A première vue, une famille constituée de deux souverains et d’un tyran ne semble pas partir d’un bon pied. C’est pourtant le schéma classique d’une famille avec un bébé.
Se marier et avoir un enfant fait de chacun un roi ou une reine. Le conjoint – guidé par le sentiment amoureux, certes – choisit entre mille. Cette élection, préférence ultime, se poursuit de manière plus consciente chaque jour de la vie, avec ses riches heures et ses imperfections.
Quant à l’enfant, si vous êtes la mère, vous n’êtes rien moins que tout pour lui, au début. Il vous confond même avec lui-même puisque, sorti à l’air libre, il tente de retrouver la voix et l’odeur de celle dans laquelle il vivait in utero. En fusion avec vous, il vit son premier grand amour. Au fur et à mesure qu’il prend conscience de son individualité, vous demeurez sa référente. Père, vous passez vers 6 mois au statut de « substitut maternel » (1) à celui de père, désigné par la mère.
Ce flot d’amour conjugal et filial fait de vous la personne préférée, chérie, la meilleure. Une des conséquences de ce bonheur : une revanche aux manques d’amour vécus auparavant, de l’école aux groupes variés.
Et le tyran, dans tout ça ? C’est le petit lutin en layette qui réclame avec force cris ce qu’il désire.
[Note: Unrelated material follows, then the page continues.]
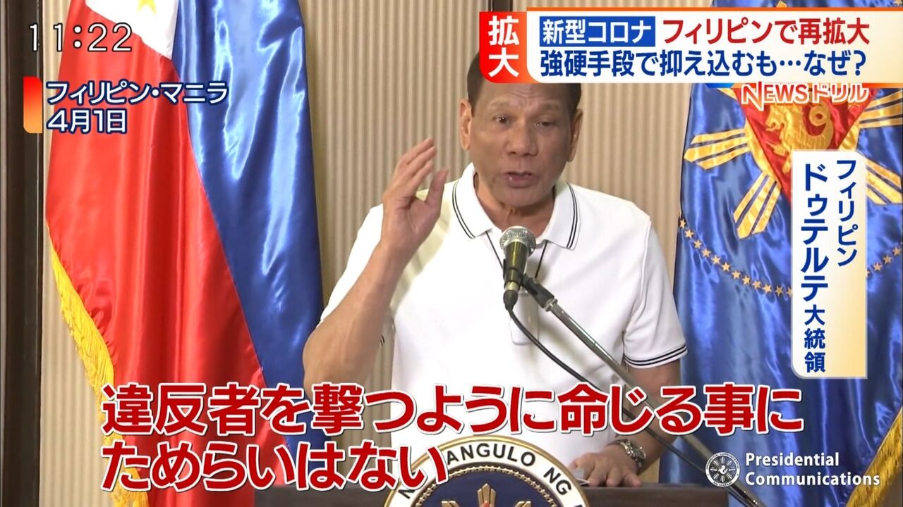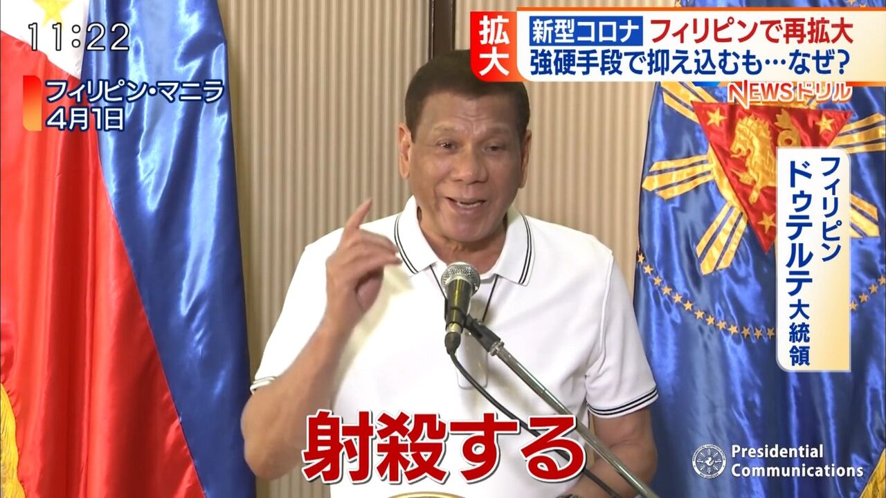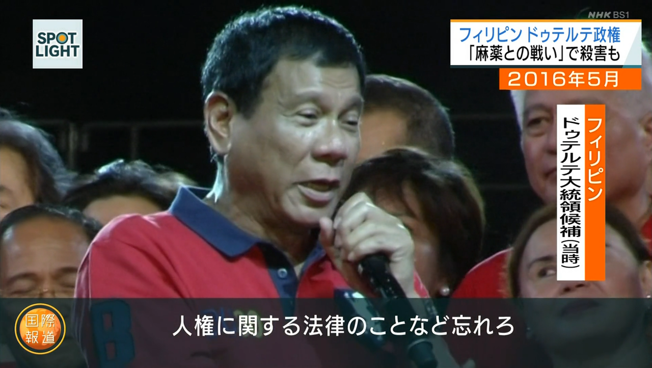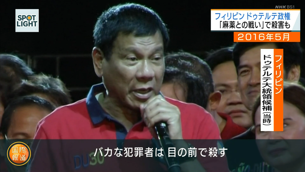 4(投)麻薬撲滅を掲げ大統領に就任後1か月で1800人を処刑、半年で6182人を処刑

Evidemment, depuis sa conception, tout lui arrive tout cru dans la bouche : air, nourriture, tendresse… Il se pense sincèrement tout-puissant et la frustration le fait beaucoup souffrir. Mais au fil des mois, l’autorité, cette force bienveillante, lui fait comprendre qu’il doit se garder des dangers et respecter les autres. A partir de deux ans environ, il dit non pour se différencier de l’adulte et prendre son autonomie. C’est le moment de poser plus clairement les limites, le libérant ainsi de l’angoisse par sa toute-puissance. C’est la fin (théorique…) de la tyrannie !
(1) Boris Cyrulnik, Sous le signe du lien. Une histoire naturelle de l’attachement, Hachette littératures.